[[ DATA PROVIDED open ]]
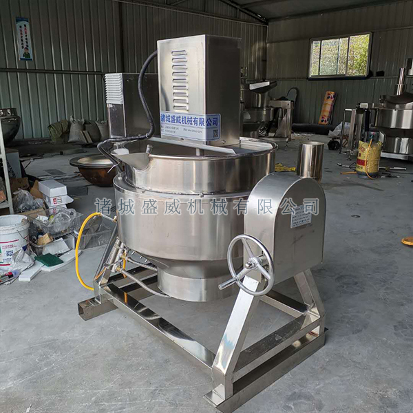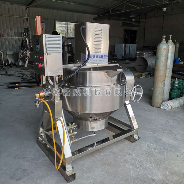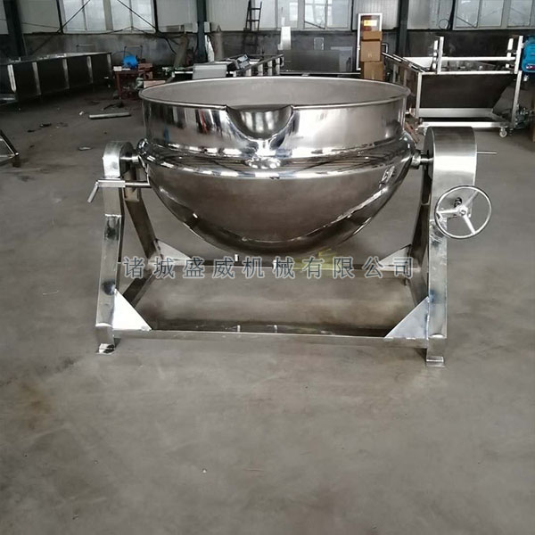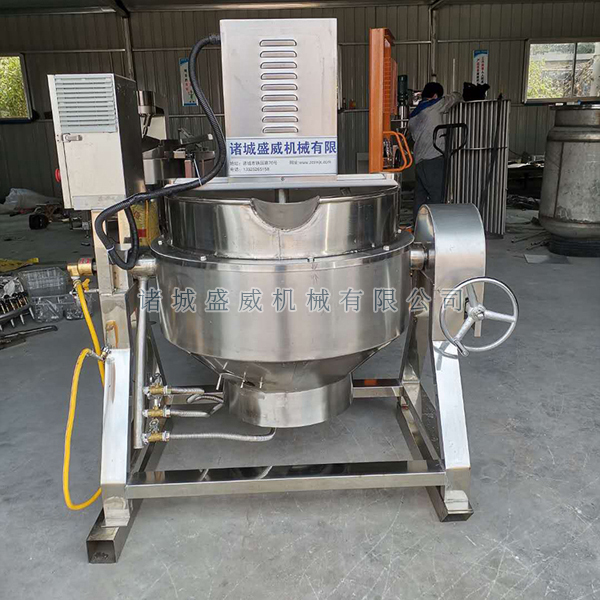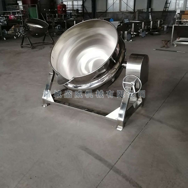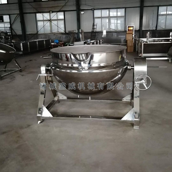 3、燃气加热夹层锅:该设备主要由锅体、底座、燃具及倾锅装置等部分组成。打开气阀,点燃燃气,人工加入食用油待油温达到烹饪温度时,加入适量的物料,人工翻锅、搅拌,使物料在锅里均匀受热。待物料加工完毕后,关气熄火转动手柄,通过蜗轮、蜗杆传动装置,使锅体旋转倾斜,将物料倒入另一容器内
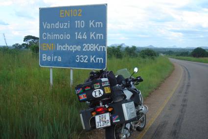 The next 100kms, directly south on the EN102, went by quickly, as the road surface improved considerably, and I was able to maintain a steady 120km/h. The few potholes I came across were easily avoided, and the village of Honde flashed by on either side of me… The light was beginning to fade, and I again hoped that I would not have to ride in the dark to get to Chimoio…
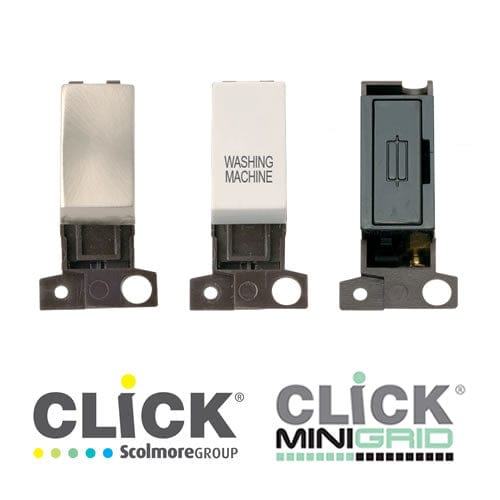 Click Scolmore MiniGrid 13A Resistive Double-Pole Switch Module Polar White - MD018PW
[[ DATA PROVIDED closed ]]
ASSIGNMENT: Output an exact copy of the material, with the pictures removed.

FINISHED TASK:
 3、燃气加热夹层锅:该设备主要由锅体、底座、燃具及倾锅装置等部分组成。打开气阀,点燃燃气,人工加入食用油待油温达到烹饪温度时,加入适量的物料,人工翻锅、搅拌,使物料在锅里均匀受热。待物料加工完毕后,关气熄火转动手柄,通过蜗轮、蜗杆传动装置,使锅体旋转倾斜,将物料倒入另一容器内
 The next 100kms, directly south on the EN102, went by quickly, as the road surface improved considerably, and I was able to maintain a steady 120km/h. The few potholes I came across were easily avoided, and the village of Honde flashed by on either side of me… The light was beginning to fade, and I again hoped that I would not have to ride in the dark to get to Chimoio…
 Click Scolmore MiniGrid 13A Resistive Double-Pole Switch Module Polar White - MD018PW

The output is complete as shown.